Нехт Самеркенд коснулся спиной факела, и тот стал оплывать. Пламя погасло. Де Гузман сделал мощный прыжок в сторону, потом вперед, изо всех сил стараясь поскорее сразить этого дьявола тьмы, пока тьма не воцарит и не отнимет все силы. Лезвие ударялось о лезвие, высекая искры. Оба кричали. Несколько раз нестерпимый жар чуть не заставил де Гузмана разомкнуть пальцы на рукоятке меча. Но внезапно человек из прошлого отшатнулся назад – долгий слабеющий его крик известил де Гузмана о расставленной ловушке: это он, а не Нехт Самеркенд, должен был натолкнуться на потайную дверь! Прежде чем дверь захлопнулась, снизу донеслось до испанца злобное шипение многочисленных ядовитых змей.
Тяжело дыша и обливаясь потом, конкистадор в кромешной тьме нашел руку Несагуалчи.
– Надеюсь, он не окажется неуязвимым к укусам гремучих змей!
– Я – тоже, – сказала девушка, вцепившись в него.
Де Гузман улыбнулся в темноту, потому что он держал за руку новую правительницу Тланскельтека, а значит – и сам Тланскельтек.

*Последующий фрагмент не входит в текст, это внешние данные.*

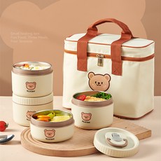 304 스테인리스 보온 도시락통 세트 귀여운 디자인 학생 직장인 대용량 원형 도시락 런치박스 전자레인지용 3단 4단 도시락통 전용 가방+수저 포함, 1세트, 4층

Они бросились прочь из этого проклятого обиталища мертвецов, и за ними со звоном захлопнулись огромные двери. Они бежали по темным коридорам, отныне не подвластным Нехту Самеркенду и его подданным.
* * *
На следующий день Несагуалча, которую, как ни странно, до появления де Гузмана никто не знал, объявила народу давно проклятого города, что Нехта Самеркенда больше нет, что она будет их полноправной правительницей, а тот, кому все они обязаны своим спасением, – ее вице-королем. Когда она повернулась, указав на де Гузмана, тот улыбнулся и засунул за ремень пистолет, который до тех пор держал наготове, чтобы она в последний момент не передумала.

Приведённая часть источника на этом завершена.